I take an entire album side and record it into my computer, then normalize, declick, decode, and save off mono .WAV files.

The result is 4 mono .WAVs that are the entire album side. Encoders for AC-3, DTS, and MLP merge those into a multichannel sound file, the length of the entire album side.

Is there a way to set track numbers on the DVD-A/V based on time positions within these long sound files? Or do I have to split the .WAV into one for each track before being able to author onto a DVD?
 
I have not dealt with this sort of thing for a while, but I think the idea is to go ahead and split it into seperate files, but then, with the DVD authoring software, set gapless tracks for those tracks which are supposed to transition without pause.
 
I guess creating individual wav files (for each track) as Q8 says is probably the easiest.
 
I create a multi-channel FLAC file with AudioMuxer (easier to keep the files together and saves space) and then use a CUE file to set the track positions. Another advantage of FLAC is that the CUE file can be embedded in the file so you don't have to keep track of a separate CUE file.

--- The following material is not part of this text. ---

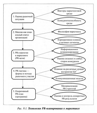 Ответ: а) — 2, б) — 3, в) — 1 Глава IX Технология PR-планирования Механизм PR-планирования. Практика становления рыночных отношений в стране отмечает, что процесс PR-планирования обеспечивает успешное позиционирование коммерческой структуры с учетом факторов внутренней и внешней деловой среды на базе гибкого использования информационного пространства. PR-планы ориентированы на достижение генеральной цели организации по ключевым направлениям товарной, ценовой, коммуникативной политики. Базу PR-планирования в маркетинге составляет миссия компании, коммерческая информация философии рыночного участия с выделением оценочных показателей качества товара, его потребительской ценности, конкурентоспособности, уровня ресурсного потенциала, состояния системы товародвижения и роли компании на внутреннем и внешнем рынках сбыта. Совершенно очевидно, что цели, стратегии, тактика и реализация PR-планов являются производными маркетинговой деятельности. В системе PR процесс планирования — непрерывный процесс разработки форм, методов, оценочных показателей для достижения корпоративной миссии. Как правило, разработка PR-кампаний, PR-программ, IR-программ (Investor Relations — инвестиционная программа) всегда начинается с комплексной оценки факторов внутренней и внешней маркетинговой среды функционирования коммерческой структуры. Технология PR-планирования в маркетинге предполагает изначально исследование системы ценностей, духовных убеждений, уровня общественного мнения и реальных возможностей PR-службы создать эффективные коммуникации с властными структурами, выгодными инвесторами и партнерами в целях успешного решения PR-проекта. Механизм PR-планирования в маркетинге последовательно включает: · комплексную оценку ситуации на рынке; · ресурсные возможности компании с выделением сильных и слабых сторон лидирующего конкурента; · популярность бренда; · PR-стратегии рыночного участия; · тактику и программы оперативной реализации маркетинга. Основные функции PR-планирования — моделирование будущих изменений рыночного участия компании, ее деловой среды, координация совокупных действий всех элементов предпринимательства для достижения желаемого коммерческого успеха. В целом технология PR-планирования представляет органический синтез перспективного и оперативного PR-планирования по развитию коммерческой компании, направленного на достижение поставленных целей маркетинга с помощью PR-службы и PR-специалистов. Для организаций предпринимательского сектора, действующих в конкретной среде, можно выделить такие основные виды PR-планов, как долгосрочный и оперативный. Долгосрочный PR-план — это системный документ, охватывающий период от двух до пяти лет, в котором формируются главные цели фирмы на перспективу, конкретные задачи, указанные по времени и ресурсам, общая PR-стратегия для достижения поставленных целей с учетом влияния факторов рыночной среды. Долгосрочное планирование определяет текущие направления деятельности. Оперативное PR-планирование в коммерческой компании охватывает годовой или более короткий период и представляет собой основной вид планомерного воздействия на общественное мнение и общественные отношения. Годовой PR-план настраивает целевые аудитории на позитивное, благотворное восприятие деятельности фирмы, ее целе

Various utilities are available to do this. I use foobar2000: Load the FLAC file in foobar2000, right click on the file and select "Utilities" and then select "Edit cuesheet". Unfortunately, the Cirlinca software doesn't recognize the embedded CUE file, so you have to extract it when you load the FLAC file in Cirlinca. In Cirlinca, load the CUE file (that points to the FLAC file) and the tracks will be listed as defined in the CUE file. I have to do this when creating a disc to play in my car, but when playing at home I just use foobar2000; so the embedded CUE file works great.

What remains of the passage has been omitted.